◆ AVAILABLE DATA ◆
* * *
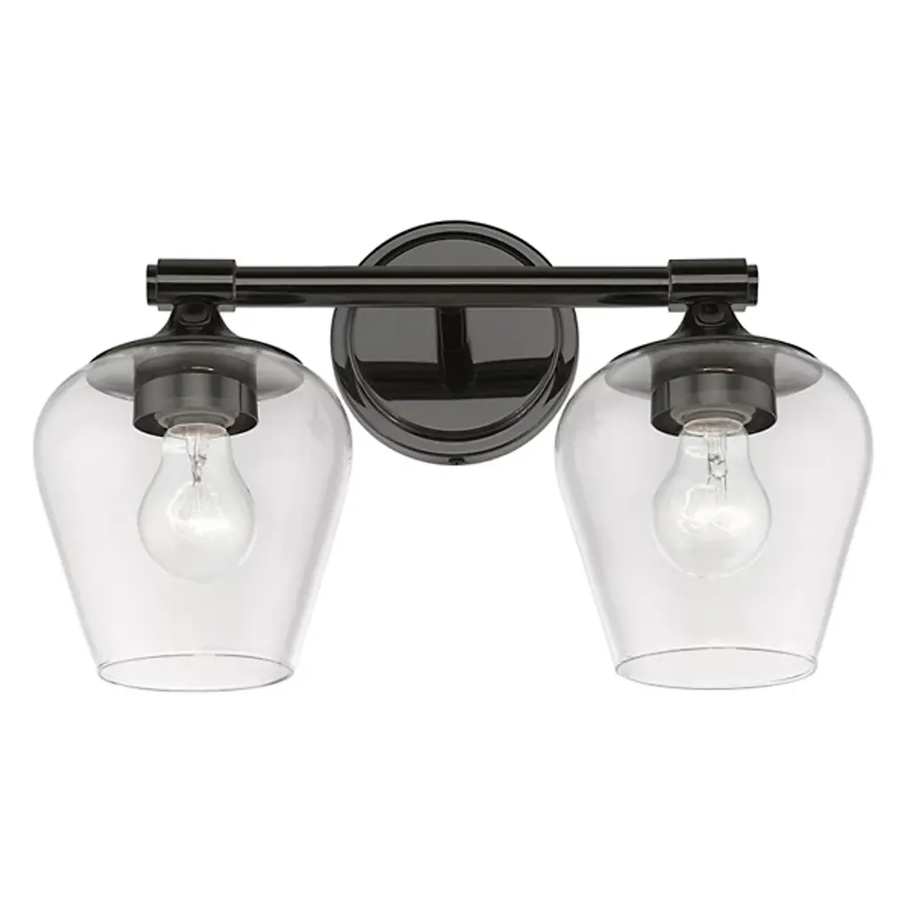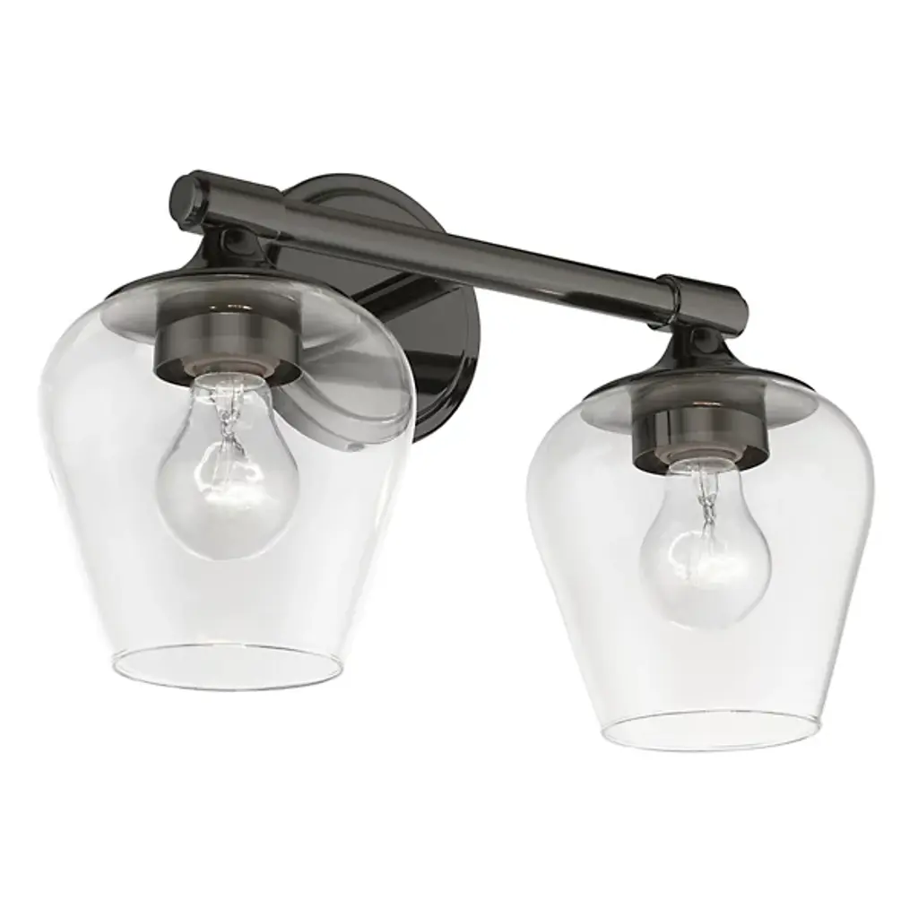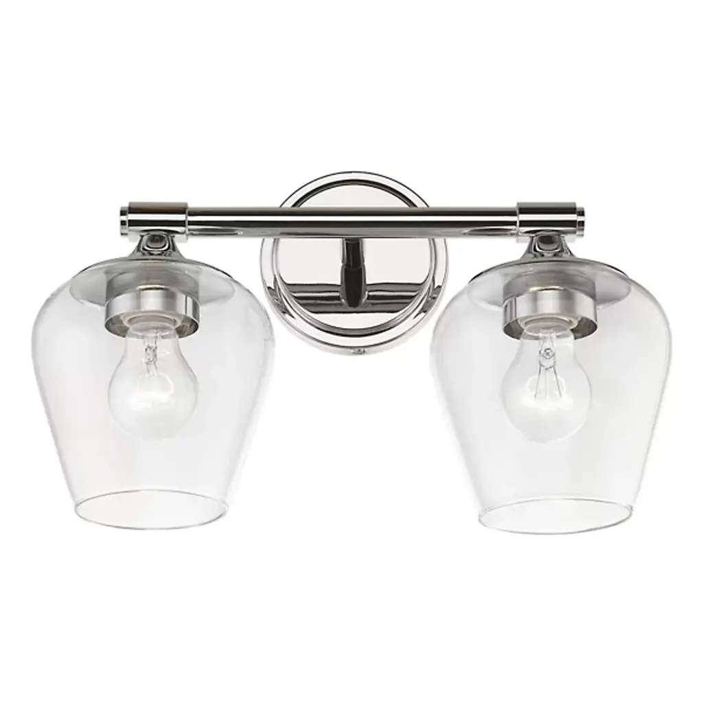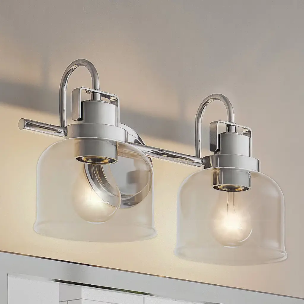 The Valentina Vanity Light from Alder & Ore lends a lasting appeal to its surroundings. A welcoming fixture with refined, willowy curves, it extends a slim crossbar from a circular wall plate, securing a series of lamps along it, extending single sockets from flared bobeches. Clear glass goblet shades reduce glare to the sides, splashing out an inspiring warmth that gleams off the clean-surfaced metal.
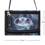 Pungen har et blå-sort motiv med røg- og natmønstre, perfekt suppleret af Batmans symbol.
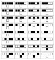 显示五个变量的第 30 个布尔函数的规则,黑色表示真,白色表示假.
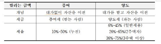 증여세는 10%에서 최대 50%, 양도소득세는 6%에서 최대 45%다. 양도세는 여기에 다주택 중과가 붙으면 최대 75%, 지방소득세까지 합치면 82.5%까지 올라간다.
* * *
◆ TASK BRIEF ◆
The output should hold only the lines from the one containing "Pungen har et" through the last line of the listing, reproduced exactly, pictures omitted.

◆ SOLUTION TO THIS TASK ◆
 Pungen har et blå-sort motiv med røg- og natmønstre, perfekt suppleret af Batmans symbol.
 显示五个变量的第 30 个布尔函数的规则,黑色表示真,白色表示假.
 증여세는 10%에서 최대 50%, 양도소득세는 6%에서 최대 45%다. 양도세는 여기에 다주택 중과가 붙으면 최대 75%, 지방소득세까지 합치면 82.5%까지 올라간다.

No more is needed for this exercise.